3.1 Peppermint samples (dataset I)
Two peppermint samples were collected from herbal plant. After GC-MS analysis, in total six peaks representing different compounds were extracted from two data profiles. It was found that menthol and L-menthone co-eluted with each other. Dataset I was used to demonstrate the adjustment of intensity of extracting features by polynomial fitting.
3.2 Human plasma samples (dataset II)
Human blood plasma samples were obtained from two group of people: 70 male infertility patients (MI), including 26 erectile dysfunction patients (ED, age range: 19–43) and 44 semen abnormalities patients (SA, age range: 23–43), and 61 age-matched fertile men defined as healthy controls (HC). All clinical experiments were performed at the Xiangya Hospital of Central South University (Changsha, China) under the approval of Xiangya Institutional Human Subjects Committee and informed consents were obtained from each participating subject. The details of sample collection, sample pretreatment and GC-MS analysis can be found in literature published by Zhou et al.41 Dataset II was used for evaluating the performance of MARS in large-scale and complex metabolomic dataset with noise, baseline, retention time shifts and overlapped peaks.
3.3 Red wine samples (dataset III)
This dataset is part of GC-MS chromatogram of red wine. It contains 24 samples, including two analytes: acetic-acid hexyl ester and 3-hydroxy-2-butanone. The details of GC-MS experiment can refer to J. M. Amigo et al.38 This dataset enabled us to evaluate the performance of MARS in overlapped peaks by comparison with resolution methods.

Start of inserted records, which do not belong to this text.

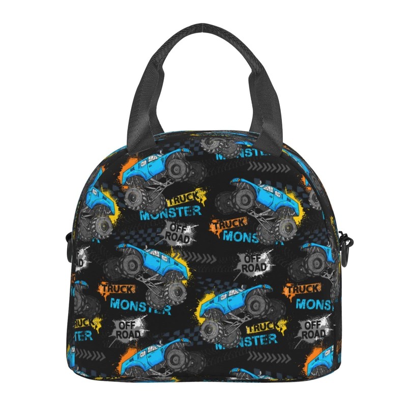 Perinsto Monster Truck Car 02 Unisex Reusable Lunch Bag, Eco-Friendly Aluminum Foil, 9 x 5 x 7.8 Inches, With Adjustable Shoulder Strap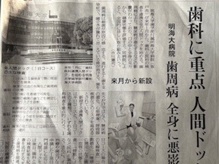 先日のメディアで、私の母校 明海大学病院で歯科と医科を連携させた人間ドックを始めるとの報道でした。
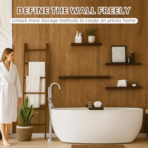 - 【تصميم عصري وسهل التركيب】مصنوعة من خشب ليفي متوسط الكثافة مع لمسة نهائية من الخشب الحبيبي، هذه الرفوف القابلة للتقشير واللصق للجدران لا تبدو رائعة فحسب، بل إنها أيضًا سهلة التركيب. مع أجزاء صلبة متينة ودعامات معدنية، يمكنها دعم ما يصل إلى 33 باوند، مما يضمن عرض أغراضك بأمان وأناقة.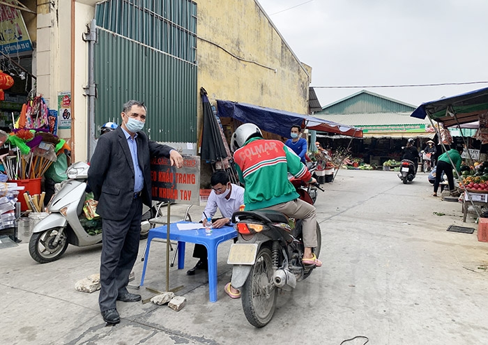 Nhu cầu đi chợ mua sắm trong ngày ông Công, ông Táo tăng cao, ban quản lý chợ yêu cầu người dân phải kê khai thông tin trước khi vào để bảo đảm phòng chống dịch bệnh.

3.4 Simulated dataset (dataset IV)
Five overlapped simulated profiles were designed for comparison. The details of five simulated profiles are shown in ESI, Table S2.† Dataset IV was used to demonstrate the performance of MARS, MCR-ALS, PARAFAC2 and XCMS in terms of extraction quantitative information of overlapped peaks.
4. Results and discussion
4.1 Results
In MARS, quantitative analysis is achieved by peak area of extracted features from raw dataset directly. Qualitative analysis is achieved by comparing resolved mass spectrum against spectra in NIST library. It is found that the accuracy is largely dependent upon the quality of extracted features, including pure mass spectra and chromatographic profiles. The robust and accurate extracted features benefit from constrains such as scale constant, non-negativity and unimodality, which are applied to significantly reduce range of possible solutions. To evaluate overall performance of MARS, features of dataset II, III and IV have been extracted. The result, shown in ESI (Table S1†), demonstrated that MARS is capable of extract features automatically and swiftly from large-scale GC-MS dataset with given MSRT pairs.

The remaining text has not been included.